* **Task requirements**
Transcribe all the data below exactly, leaving its pictures out.

* **Data**
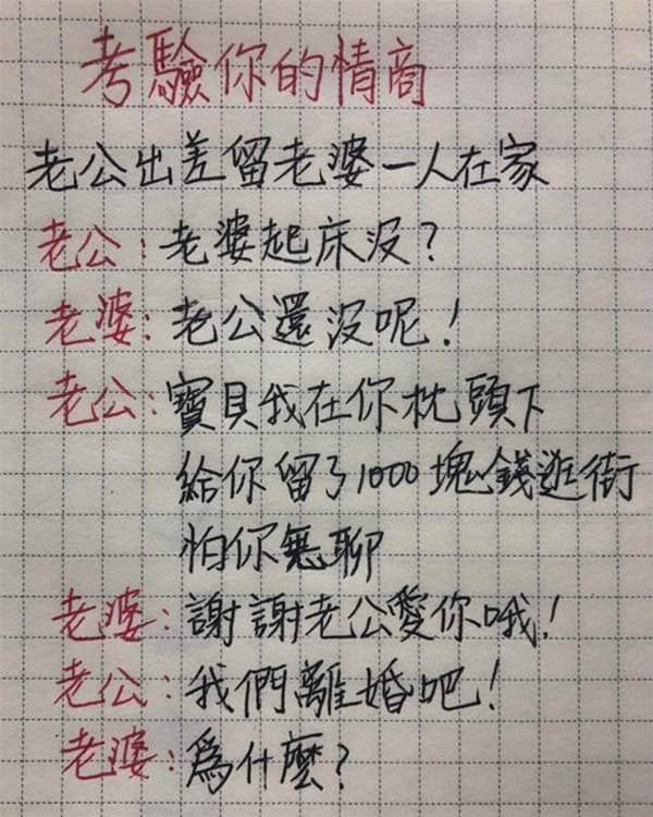 答: 枕頭底下根本沒放錢  因為他不在家   所以出軌了
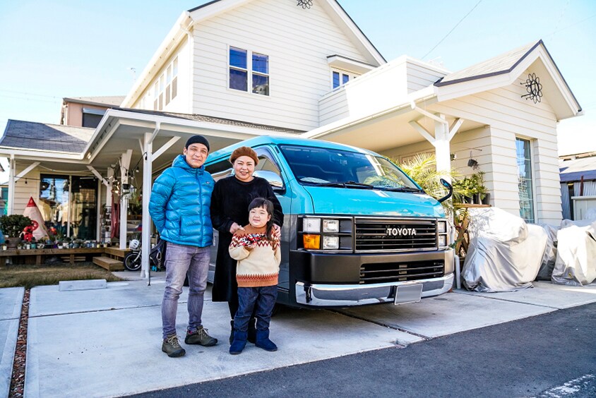 海の近くにアーリーアメリカンなイメージの家を建て、「この家に似合うのはどんなクルマか」を考えていた時に偶然であったビンテージスタイルにカスタムされたハイエース。「これしかない!」と即購入したという。
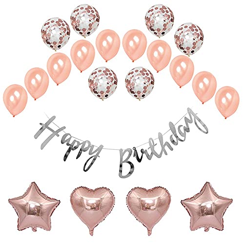 HomeBabyParty SuppliesPop The Party Happy Birthday Cursive Silver Banner with 14 pcs Rose Gold Balloon Including Star and Heart Foil Balloon 5pcs Latex & 5 pcs Confetti Balloon Set.

* **Response**
 答: 枕頭底下根本沒放錢  因為他不在家   所以出軌了
 海の近くにアーリーアメリカンなイメージの家を建て、「この家に似合うのはどんなクルマか」を考えていた時に偶然であったビンテージスタイルにカスタムされたハイエース。「これしかない!」と即購入したという。
 HomeBabyParty SuppliesPop The Party Happy Birthday Cursive Silver Banner with 14 pcs Rose Gold Balloon Including Star and Heart Foil Balloon 5pcs Latex & 5 pcs Confetti Balloon Set.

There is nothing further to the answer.